* _TASK DETAILS_
This exercise asks for an exact copy of the lines from the one containing "Min Finance ($): Specifies" through the final line of the material, with pictures omitted.
════════════════════
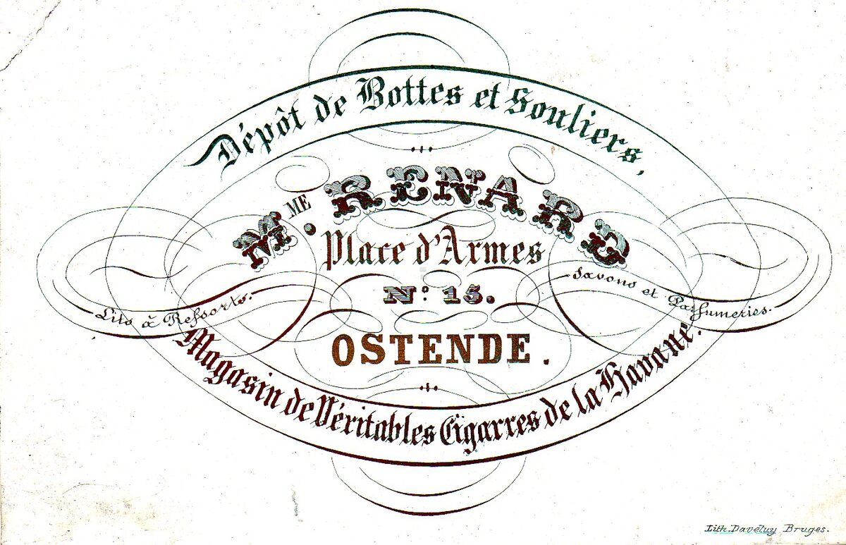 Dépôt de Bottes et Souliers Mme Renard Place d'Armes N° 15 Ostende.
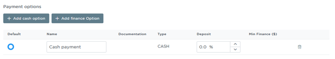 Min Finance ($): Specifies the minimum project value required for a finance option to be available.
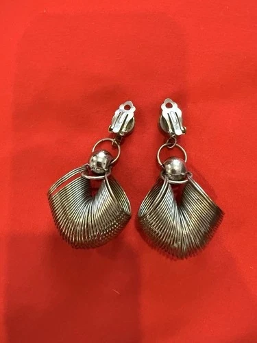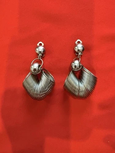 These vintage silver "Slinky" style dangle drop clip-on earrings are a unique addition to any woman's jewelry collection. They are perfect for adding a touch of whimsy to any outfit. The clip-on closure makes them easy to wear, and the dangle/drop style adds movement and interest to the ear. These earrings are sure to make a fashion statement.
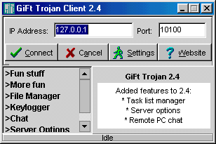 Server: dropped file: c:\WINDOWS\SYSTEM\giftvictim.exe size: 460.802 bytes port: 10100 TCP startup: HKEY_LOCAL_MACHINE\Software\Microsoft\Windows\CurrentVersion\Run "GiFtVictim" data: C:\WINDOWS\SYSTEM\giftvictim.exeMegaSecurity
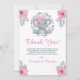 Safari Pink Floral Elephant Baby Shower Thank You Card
════════════════════
* _RESULT OF THIS EXERCISE_
 Min Finance ($): Specifies the minimum project value required for a finance option to be available.
 These vintage silver "Slinky" style dangle drop clip-on earrings are a unique addition to any woman's jewelry collection. They are perfect for adding a touch of whimsy to any outfit. The clip-on closure makes them easy to wear, and the dangle/drop style adds movement and interest to the ear. These earrings are sure to make a fashion statement.
 Server: dropped file: c:\WINDOWS\SYSTEM\giftvictim.exe size: 460.802 bytes port: 10100 TCP startup: HKEY_LOCAL_MACHINE\Software\Microsoft\Windows\CurrentVersion\Run "GiFtVictim" data: C:\WINDOWS\SYSTEM\giftvictim.exeMegaSecurity
 Safari Pink Floral Elephant Baby Shower Thank You Card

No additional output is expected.